If you’re looking for new ways to use your customer data for email marketing, here are five strategies to consider. Use them independently, or combine multiple tactics at once for advanced segmentation.
Interest Level
Are you sending the same follow-up email to everyone on your list, regardless of how they treated your first email? There’s a big difference between recipients who clicked through but didn’t make a purchase and those who never opened the email at all.
Try dividing your contact list based on previous level of engagement, then craft separate follow-up messages for these groups. For those who didn’t open the first email, you may want to try the same message with a more engaging subject line. Meanwhile, you might send a follow-up survey to those who did open the first email to assess why they lost interest.
Content Preferences
If you’re in the habit of sending digital content via email, aim to curate your selections based on customer preferences. These days, many marketers have found that videos tend to generate more clicks. Still, some people might prefer text articles because they want to read at their own pace or they have a hard time loading videos on their phones.

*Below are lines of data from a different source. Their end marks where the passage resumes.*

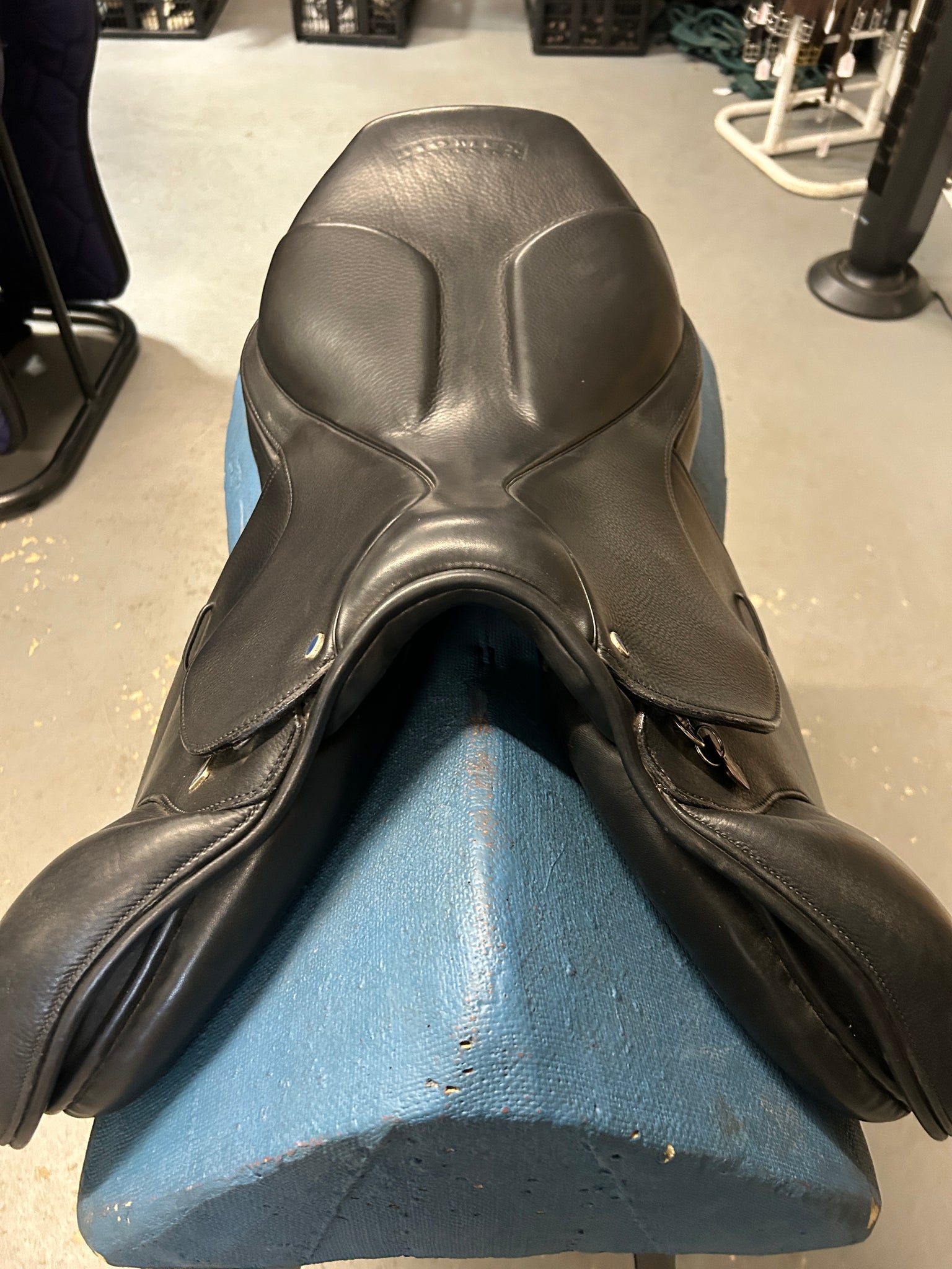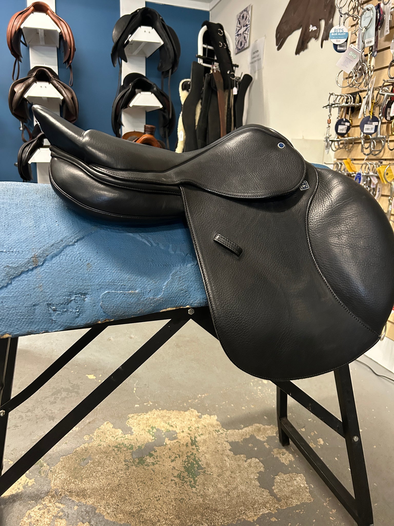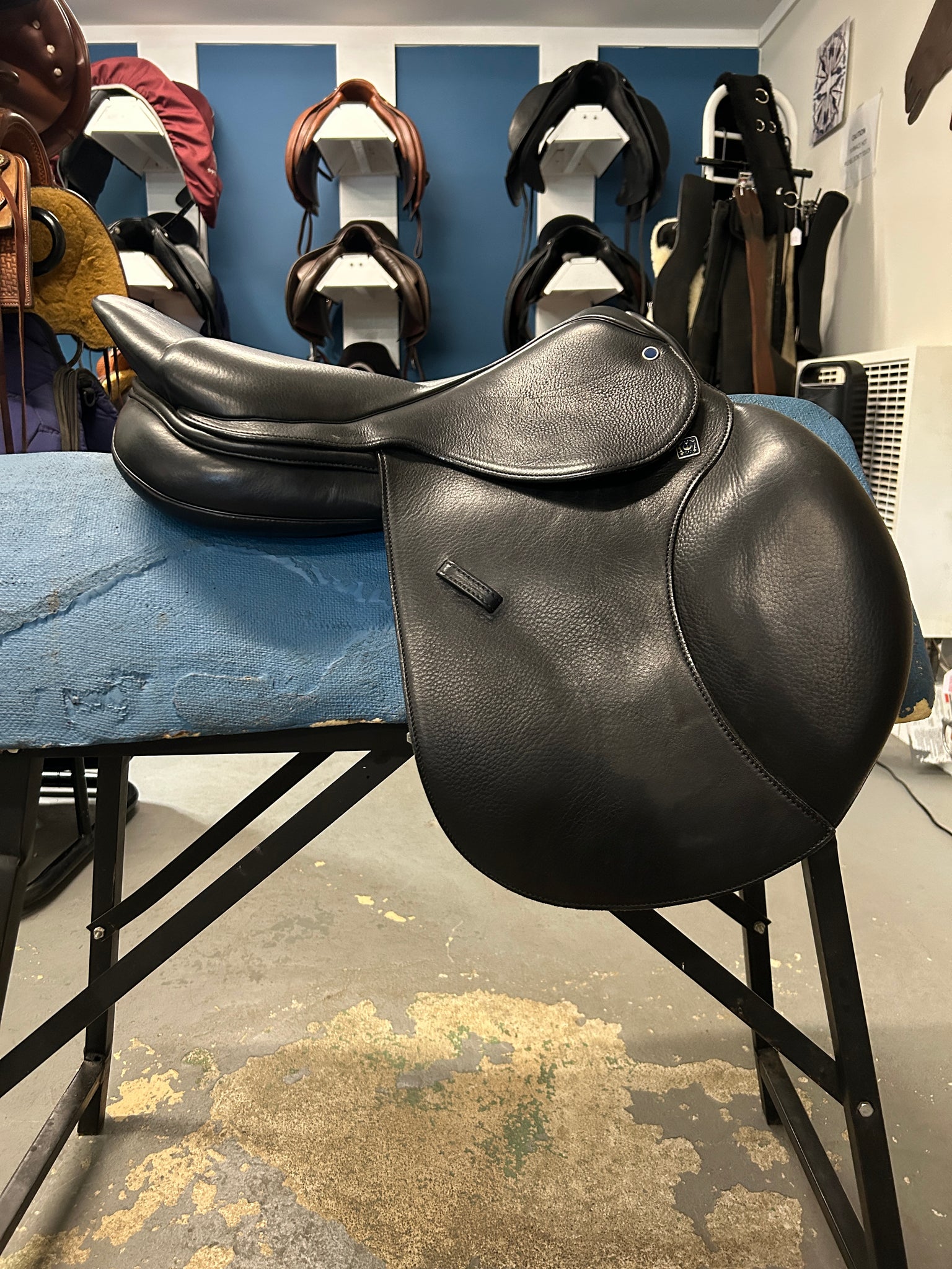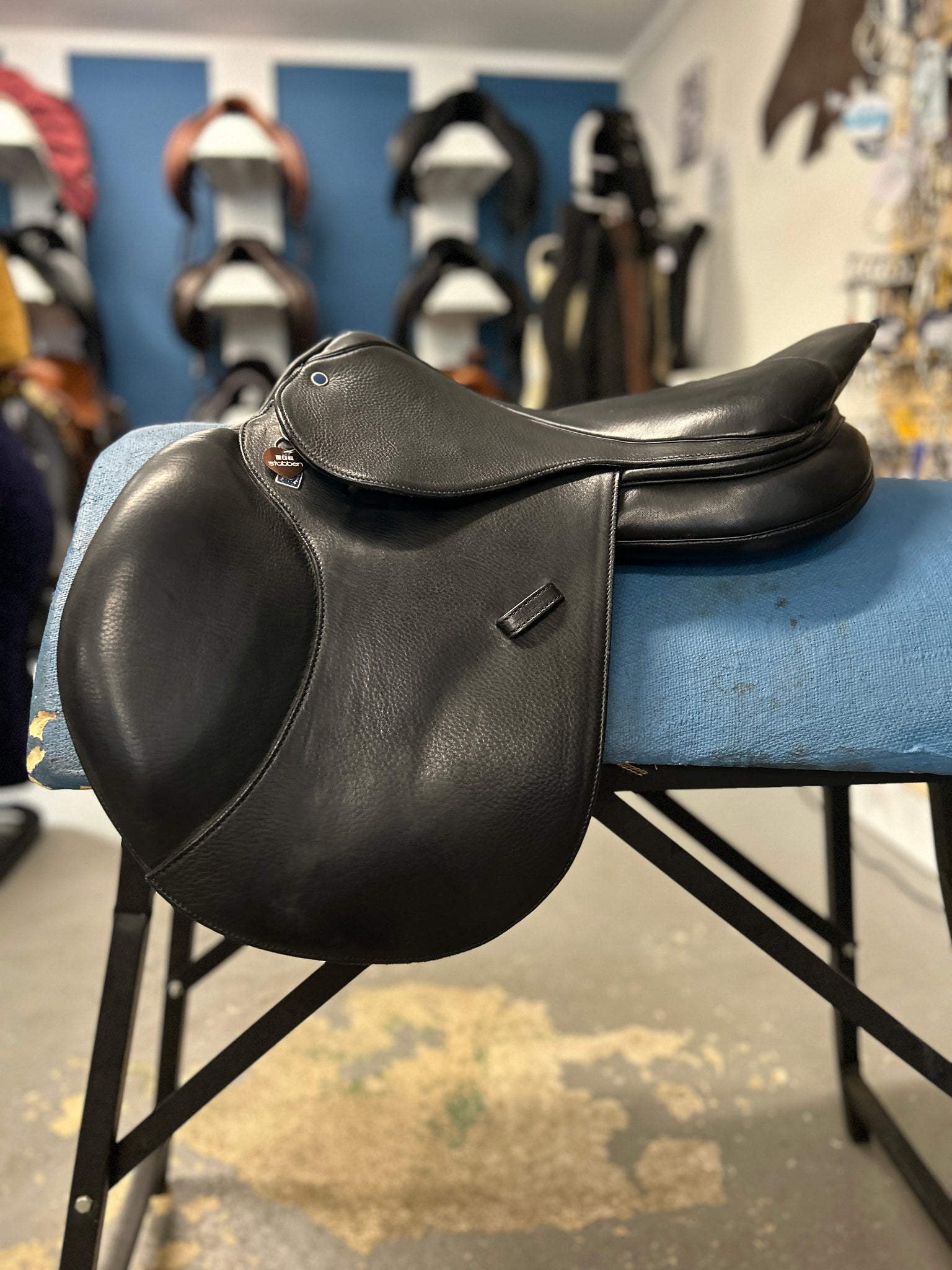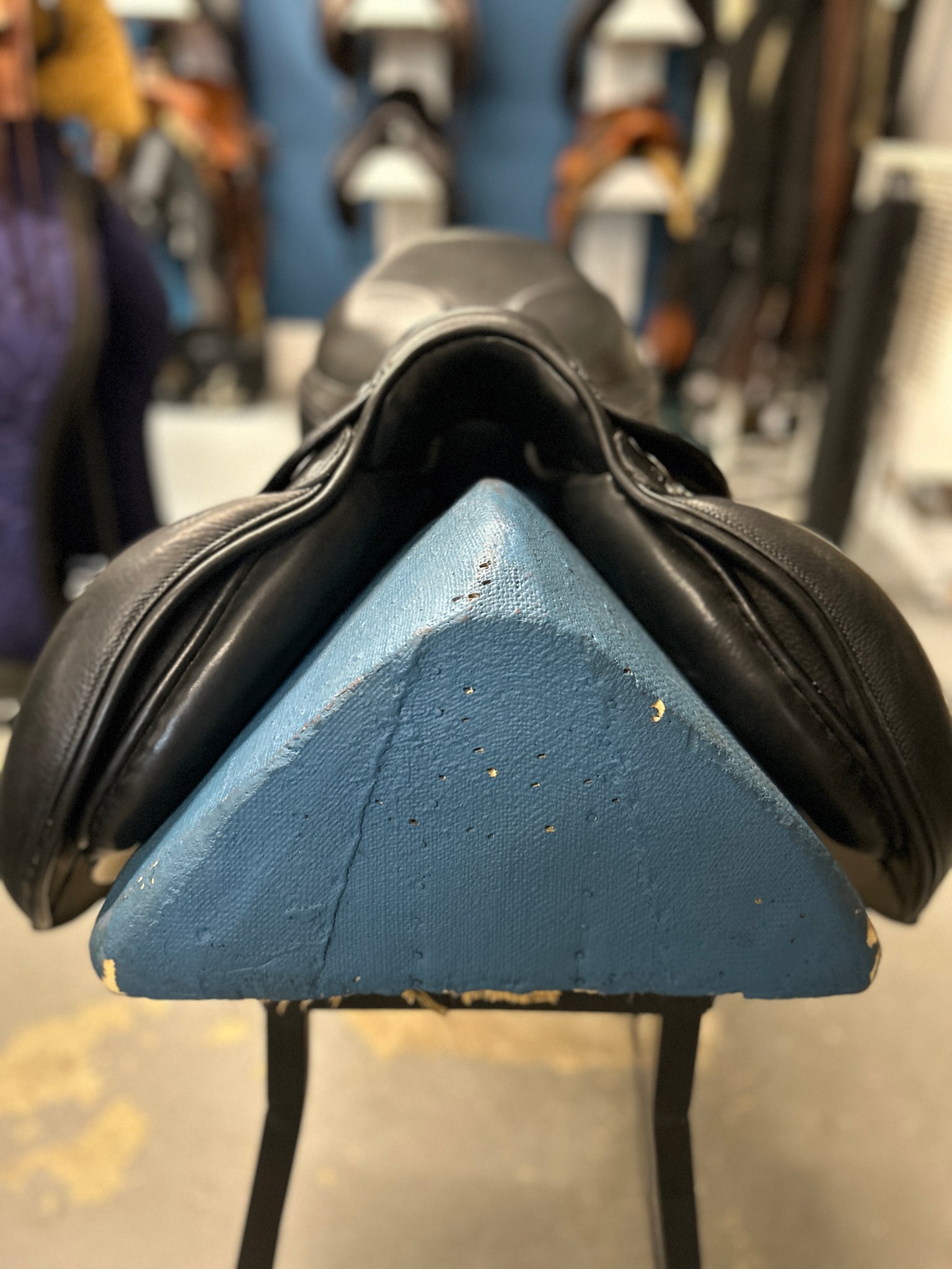 This saddle is pristine and super comfortable! Gorgeous 17.5" Stubben Virginia Black close contact saddle. Designed with both the horse and rider in mind! Built on a 30 cm Spring tree and wool-flocked gusseted panels. Ideal for riders who seek both stability and freedom of movement with a half-deep seat, front and rear blocks, and a Biomex Seat. The Biomex Seat is a patented technology designed to provide healthy, back-relieving sitting and riding. It helps prevent or reduce back pain by offering ergonomic support for the rider.
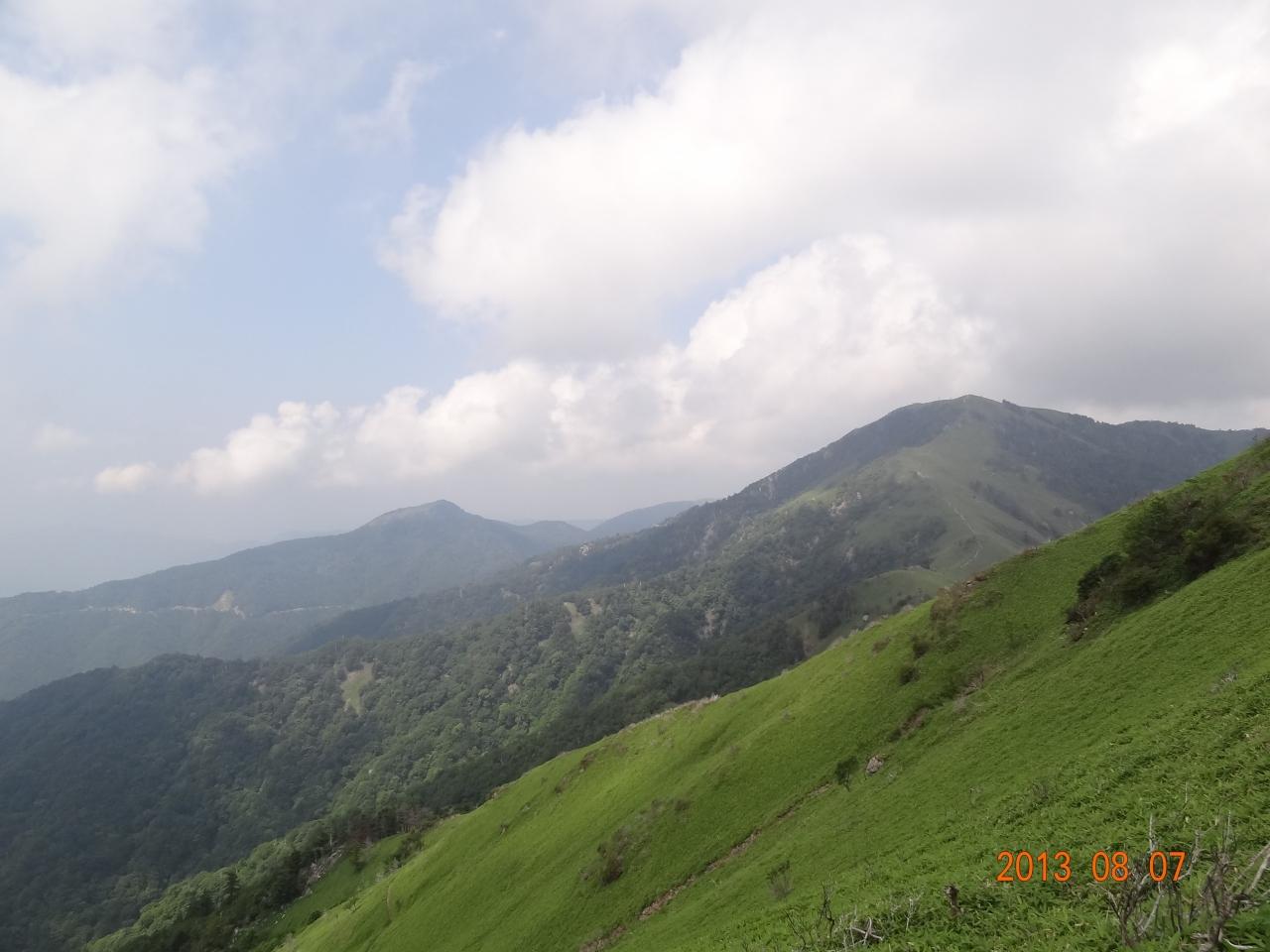 西の方向 右端に 塔の丸、一番奥に見える三嶺は、頂上付近
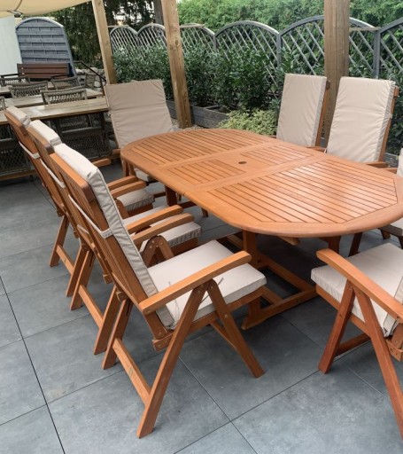 Комплект садовой мебели, раздвижной стол для террасы, обеденный набор на 8 человек.
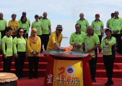 大会主宾沙巴州元首敦朱哈马希鲁丁偕同夫人杜潘诺丽达嘉丝妮,为决赛主持鸣锣开幕仪式,并在里卡士海湾仪式台上点燃龙舟圣火,以及见证传统的“端午抛粽子”仪式。
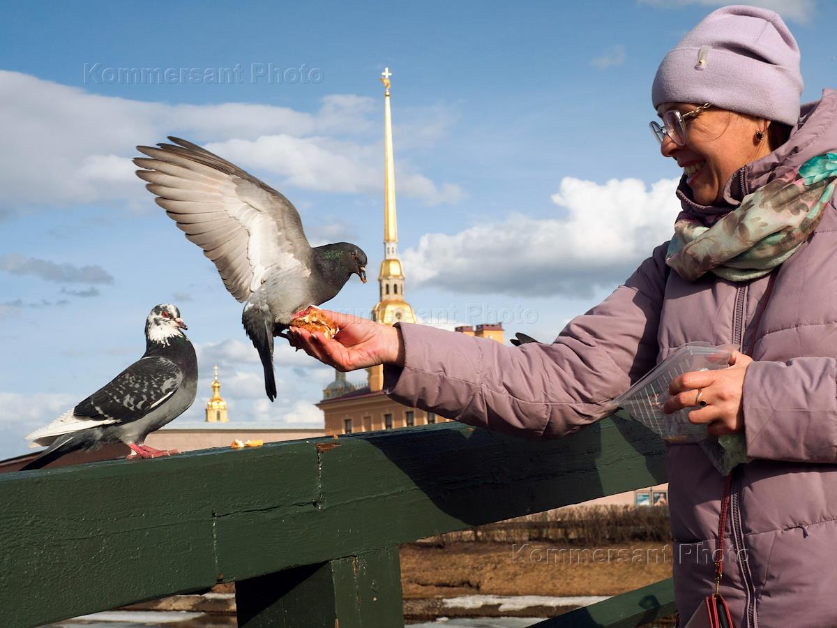 Виды Санкт-Петербурга. Петропавловская крепость. Жанровая фотография. Женщина кормит голубей.

Take note of which recipients tend to open which types of content. You could also send a survey to your customer base to ask which content formats and topics they prefer. If you track this data in your CRM and segment your email lists accordingly, you’re bound to fuel more interest in your messages.
Changes in Behavior
Think back to the online shoe retailer. Perhaps some of their customers buy new boots every fall — so what does it mean if those customers don’t return this year? Have they bought boots from a competitor? Have they moved to a snow-free city?
Keep an eye out for customers who have stopped purchasing as regularly as they used to. A customer’s failure to make a scheduled purchase doesn’t necessarily mean that you’ve lost them, but it does mean that your business is no longer top of mind. Consider sending personalized reminders or special promotions to this group to try and reconnect with them. Offering an exclusive loyalty program can also be a great way to generate new engagement.
Sales Pipeline Stage
Some companies track prospective customers based on what stage they’re at in the sales pipeline. Examples of such stages might include prospecting, qualification, and negotiation.
When planning your marketing campaigns, it’s wise to use your sales pipeline stages as segmentation criteria. This is because your prospective customers will have different questions and concerns at different points in the buying process. By keeping your email content relevant to each pipeline stage, you won’t risk boring your audience with information they already know or overwhelming them with details they aren’t ready for.
Satisfaction Level
Hopefully, you have methods in place to collect customer feedback and monitor satisfaction. This is valuable data that can help to inform both the content and tone of your email messaging. After all, you don’t want to send obliviously upbeat messages to customers who have just left you negative reviews.
If you’re tracking satisfaction scores in your CRM, use these numbers to segment your customer list and develop appropriate email campaigns. For instance, happy customers could be courted for reviews or a referral program. Dissatisfied customers, on the other hand, will require a more delicate outreach. You may want to seek their feedback, apologize for their frustrations, offer an incentive to return — or all of the above.
Make the Most of Your Email Campaigns
If you want people to open your emails, you need to make sure those emails are worth opening. Segmenting your mailing lists based on key criteria helps you keep your messages timely and relevant to the recipients. By leveraging the customer data available to you, you can create targeted email campaigns that truly benefit your customers as well as your business.